The numbers tell a sobering story. Deliveries in China have dropped from 4.2 million vehicles before the Covid-19 pandemic to just 2.9 million last year. After a 9.5% decline in 2024, deliveries fell another 2.3% in the first half of 2025 to 1.3 million units. Deliveries of fully electric vehicles plummeted by nearly 35%. Even so, China still accounts for around 30% of VW Group’s global vehicle sales.

Profits from the group’s Chinese joint ventures have also fallen – from 5.2 billion euros ten years ago to 1.7 billion euros last year. For 2025, VW expects a share of operating profit in the range of 500 million to 1 billion euros.

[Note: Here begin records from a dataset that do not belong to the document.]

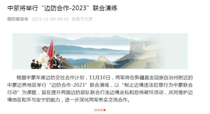 中新網11月9日電 據國防部發布微信公眾(zhong) 號消息,根據中蒙年度邊防交往合作計劃,11月10日,兩(liang) 軍(jun) 將在新疆昌吉回族自治州附近的中蒙邊界地區舉(ju) 行“邊防合作-2023”聯合演練,以“製止邊境違法犯罪行為(wei) 中蒙聯合行動”為(wei) 課題,旨在提升兩(liang) 國邊防部隊聯合打擊邊境走私和恐怖破壞活動,共同維護邊境地區和平與(yu) 安寧的能力,進一步深化兩(liang) 軍(jun) 務實交流合作。
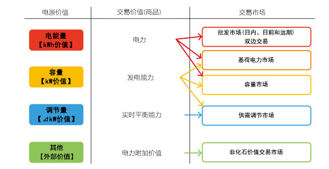 2017年2月,日本提出新電力市場(chǎng)建設(shè)方案,如圖4所示,新電力市場(chǎng)設(shè)計(jì)理念改變了傳統(tǒng)電力市場(chǎng)統(tǒng)一以kWh體現(xiàn)價(jià)值的體系,明確將電力價(jià)值區(qū)分為kW價(jià)值(容量?jī)r(jià)值)、kWh價(jià)值(度電價(jià)值)和⊿kW價(jià)值(平衡服務(wù)價(jià)值),并分別設(shè)計(jì)了與體現(xiàn)這些價(jià)值相對(duì)應(yīng)的新電力市場(chǎng)規(guī)劃,2017年2月,經(jīng)過反復(fù)論證,政府完成了相關(guān)市場(chǎng)的整體架構(gòu)設(shè)計(jì)。與此同時(shí)陸續(xù)開啟了非化石價(jià)值交易市場(chǎng)(2018年5月)、間接輸電權(quán)市場(chǎng)(2019年4月)、基荷電力市場(chǎng)(2019年8月)、容量市場(chǎng)(2020年7月)、供需調(diào)節(jié)市場(chǎng)(2021年4月),向統(tǒng)一大電力市場(chǎng)的建設(shè)目標(biāo)進(jìn)一步邁進(jìn)。
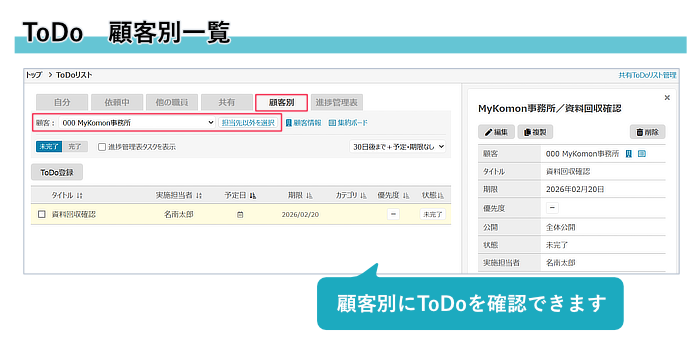 顧客情報に登録した申告情報をもとに、申告期限・納税期限を自動で判定し、タスクを表示します。

Against this backdrop, the VW Supervisory Board recently extended Ralf Brandstätter’s contract as a Group Board Member until the end of July 2028. The 56-year-old has overseen the company’s China business since summer 2022. Since then, the Braunschweig native has focused on boosting Volkswagen’s competitiveness in China – both in terms of technology and cost structure. The strategy is clear: „In China, for China.“

By building up local development capabilities, and forging partnerships with Chinese high-tech firms and manufacturers, the group says it has now achieved „deep integration of its vehicle development into the local ecosystem.“

Encouraging signals

According to VW, cars are now being developed 30% faster and with 40% lower costs than before, by utilising cutting-edge technology, all while maintaining high safety and quality standards. That is aimed at narrowing the gap with domestic competitors.

New products and technologies, tailored specifically to the preferences of Chinese consumers, are expected to hit the market from late 2025. Observers noted a strong response at the Auto Shanghai trade fair in April to the first „In China, for China“ models developed by the VW brand, and the newly created China-exclusive Audi brand. Brandstätter’s contract extension is therefore widely seen as recognition of the strategic progress made in recent years and showcased at the auto show.

Still, success in China’s fiercely contested EV market – which VW sees as distorted by irrational price competition among more than 130 brands – remains to be proven. The company insists it is staying out of the price war.

What is already underway is the group’s largest product offensive in over 40 years of doing business in China. By 2030, VW plans to offer around 50 so-called „New Energy Vehicles“ through its various brands.

Brandstätter, who joined VW in 1993 and previously headed the Volkswagen passenger car brand, is said to be optimistic. With the Chinese car market expected to grow by 5 million units to a total of 28 million vehicles over the next five years, VW believes it could sell 3.5 to 4 million vehicles in China by 2030 – at an appropriate level of profitability. The group aims to increase the share of operating profit from its Chinese joint ventures to 2 billion euros by 2027.